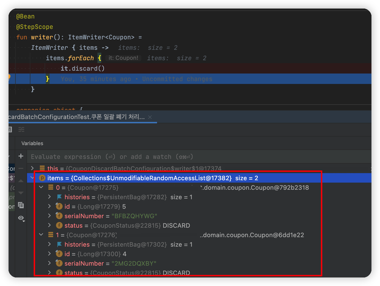 itemWriter가 2번 호출된 뒤 쿠폰의 상태가 바뀐 것을 확인할 수 있다.
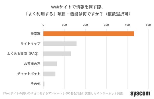Webサイトで情報を探す際、「よく利用する」項目・機能を聞いたところ、1位「検索窓」、2位「サイトマップ」、3位「よくある質問(FAQ)」という結果となりました。
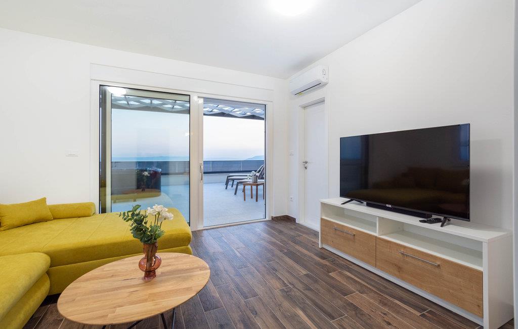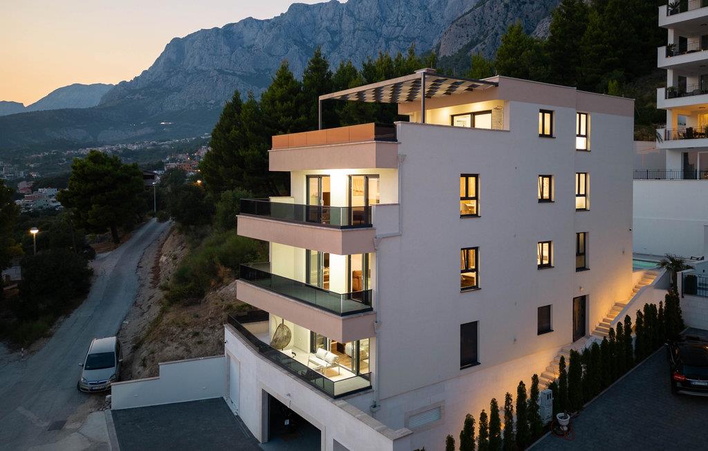 Planlægger I en ferie med familien? Så har I fundet jeres drømmebolig her. Denne stilfulde lejlighed i et moderne hus troner over centrum af Makarska. I kan næsten se det som jeres private hotel. Antallet af soveværelser, badeværelser og toiletter sørger for afslapning og privatliv. Den smarte indretning emmer af hygge, og den smagfuldt indrettede stue giver jer også mulighed for at lave noget i huset sammen med familien. Faciliteterne i huset fuldendes af et fitnessrum og et fritidsrum.
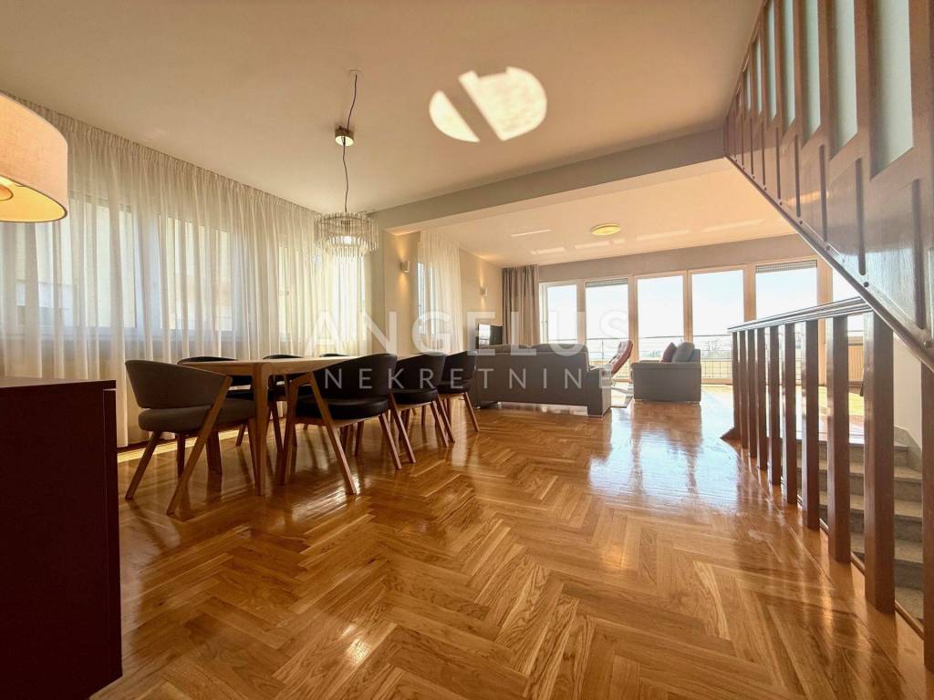 Na katu je veliki dnevni boravak s blagovaonicom i izlazom na terasu, kompletno opremljena kuhinja, toalet i još jedna soba koja može biti radna ili spavaća jer je dovoljno velika.

--------------------

▸ WHAT IS NEEDED: Nothing but the text is wanted: repeat the data above exactly, without its images.

▸ EXERCISE RESULT:
 itemWriter가 2번 호출된 뒤 쿠폰의 상태가 바뀐 것을 확인할 수 있다.
Webサイトで情報を探す際、「よく利用する」項目・機能を聞いたところ、1位「検索窓」、2位「サイトマップ」、3位「よくある質問(FAQ)」という結果となりました。
 Planlægger I en ferie med familien? Så har I fundet jeres drømmebolig her. Denne stilfulde lejlighed i et moderne hus troner over centrum af Makarska. I kan næsten se det som jeres private hotel. Antallet af soveværelser, badeværelser og toiletter sørger for afslapning og privatliv. Den smarte indretning emmer af hygge, og den smagfuldt indrettede stue giver jer også mulighed for at lave noget i huset sammen med familien. Faciliteterne i huset fuldendes af et fitnessrum og et fritidsrum.
 Na katu je veliki dnevni boravak s blagovaonicom i izlazom na terasu, kompletno opremljena kuhinja, toalet i još jedna soba koja može biti radna ili spavaća jer je dovoljno velika.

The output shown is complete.